Children’s Heel Pain
Heel pain also occurs in children, most commonly between the ages of 8 and 13, as they become increasingly active in sports activity inside and outside of school. This type of physical activity, particularly jumping, tends to inflame the growth centers of the heels; the more active the child is, the more likely the condition is to occur. When the child's bones mature, the problems disappear and are not likely to happen again. If heel pain occurs in this age range, podiatric care is necessary to protect the growing bone and to help provide pain relief. Heel spurs are not likely to develop in children. Heel sputs are not likely to develop in children.
A number of steps can be taken to avoid heel pain and any accompanying afflictions:
- Wear the proper shoes for each activity you do.
- Wear shoes that fit your feet well—front, back, and sides—and have rigid shanks, shock-absorbent soles, and supportive heel counters.
- Avoid wearing shoes with excessive wear on heels or soles.
- Prepare properly before exercising. Warm up and do stretching exercises before and after running or jogging.
- Pace yourself when you participate in athletic activities.
- If obese, lose weight.
- Don’t underestimate your body's need for rest and good nutrition.
Podiatric Medical Care
If experiencing pain or other symptoms of inflammation, which include redness, swelling, or heat, you should limit normal daily activities and contact a doctor of podiatry.
The podiatric physician will examine the painful or inflamed area and may perform diagnostic X-rays to rule out problems of the bone.
Early treatment of heel spurs might involve oral or injectable anti-inflammatory medication, exercise and shoe recommendations, taping or strapping, or use of shoe inserts or other orthotic devices. Taping or strapping of the foot provides extra support, placing stressed tendons and muscles in a physiologically restful state. Physical therapy may be used in addition to such treatments.
A functional orthotic device may be prescribed by your foot and ankle specialist for correcting biomechanical imbalance, supporting of the ligaments and tendons attaching to the heel bone, and controlling excessive pronation. These types of devices will effectively treat the majority of heel and arch pain without the need for surgery.
Relatively, only a few cases of heel pain require more complicated treatments or surgery. If surgery is deemed necessary, it may involve the release of the plantar fascia, removal of a bursa, removal of a spur, or removal of a neuroma or other soft-tissue growth.
Heel Pain Tips
- If you are or have experienced painful heels, try wearing your shoes around your house in the evening. Don't wear socks or slippers or go barefoot. You could also try gentle calf stretches for a duration of 20 to 30 seconds on each leg. Calf stretching is best done barefoot, by leaning forward towards a wall with one foot forward and one foot back.
- If your heel pain persists for longer than one month, you should visit a podiatrist for evaluation and treatment. Your feet should not hurt, and professional podiatric care may be required to help relieve your discomfort.
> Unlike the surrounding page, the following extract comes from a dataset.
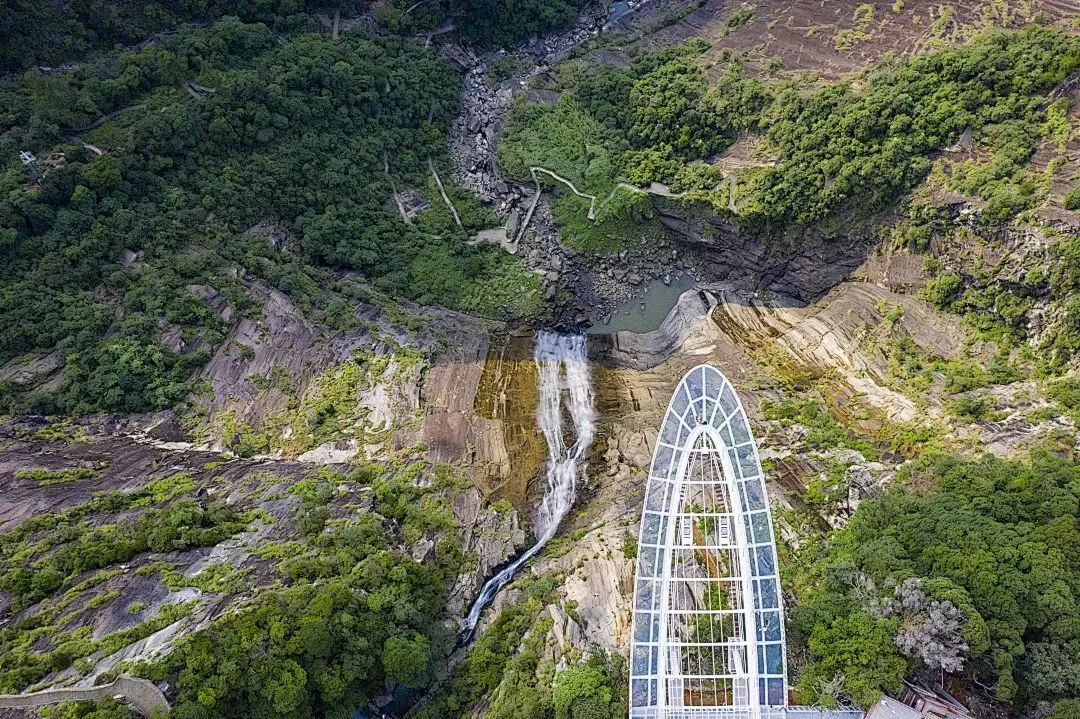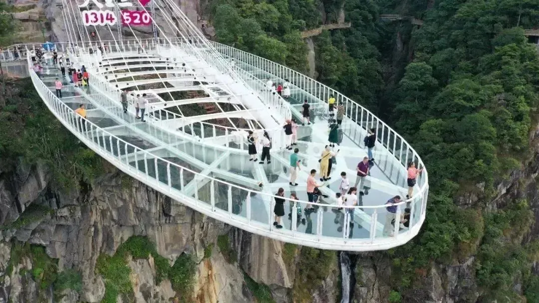 悬空高度314米,下面是深不见底的悬崖峭壁和奔腾而下的瀑布,是景区的网红打卡点和爱情圣地。

- Begin an exercise program slowly. Don't go too far or too fast.
- If you have not exercised in a long time, consult your podiatric physician before starting a new exercise program.
- Purchase and maintain well-fitting shoes in good condition and replace them regularly.
- Stretch each foot and achilles tendon before and after exercise.
- Do your best to avoid uneven walking surfaces or stepping on rocks as much as possible.
- You should avoid walking barefoot on hard surfaces.
- If it hurts, stop. Don't try to "work through the pain."
- Vary the incline on a treadmill during exercise. Nobody walks uphill all the time.